In Plainfield I toss on work clothes (business casual) and check my email quickly before heading out.  I should shovel the walk but decide that I don’t care.  Mrs. Jinksto won’t go anywhere today so it can wait.  I’ll have to shovel to get the car out of the drive though.  I take a look at the wet and freezing mass of ice thrown across the drive by the plows.  It’s nearly two feet tall and it’s going to be a lot of work to dig through that dressed for work.  I go back into the house and get the truck keys.  Returning, I drop it into four wheel drive and power out into the street.  I can feel the F250 crushing the snow and slush down into a layer of pure ice.  I’ll pay for this later but for now I enjoy the redneckness of doing it my way.  As I cruise carefully down the street ignoring piles of snow missed by the plows I wave to a neighbor who is slogging away in his business suit trying to dig his car out.   The four-lane streets are reduced to two.  The yellow line is replaced by an eight foot wide swath of snow and slush that is nearly impossible to get through in a car.  You just sort of follow the guy in front of you and drive where others have driven. It’s the only time of the year that these people are even civil on the roads.
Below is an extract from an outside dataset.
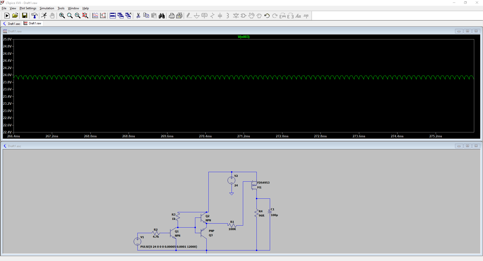 Ich hab es dann mal auf einen PMOS "umgebaut" und mit einem Elko gefiltert. Hier liegt fast die gesamte Spannung an,

Thirty minutes later I pull into the train station.  The parking lot was plowed the night before but another inch of snow has fallen since then covering the lines.   I use the lot number placards hung from a steel cable over the lot to help me get close to an actual parking place.  I’ve done better than most so I probably won’t get a ticket.  I pass by the pay area and push a dollar into the proper slot.  As I turn back toward the train tracks I notice the stark white security lights glowing like beacons in the mist and fog.  A woman nearby is yelling at the ticket agent about something but I can’t hear what.  I really don’t care… it’s her problem not mine.  It’s ugly and cold.


A lifetime away in Stanley, NC I fire up that same F250 and turn around in the drive.  The truck hasn’t warmed up yet so the defroster is on high and working hard.  It’s cold but we’re so bundled and layered that we can hardly tell.   I look at my nephew on the passenger side and grin.  He’s ten and he’s leaned forward in the seat trying to see everything at once.  It’s his first real hunting trip and he’s white with excitement.  Everything is new and fresh for him.  I remember when going hunting was that way for me too.  Some days it still is.  The guns have been cleaned four or five times in anticipation.  The truck loaded the night before, the stands have been up for weeks now.   There’s nothing to slow you down on this first day, there’s nothing to go wrong. The anticipation builds for weeks and early in the morning on opening day there’s nothing left to do but go. 

Ms Jinksto has filled a thermos for each of us and presented them with a kiss as we went out the door into the dark.  Mine has coffee, his hot chocolate.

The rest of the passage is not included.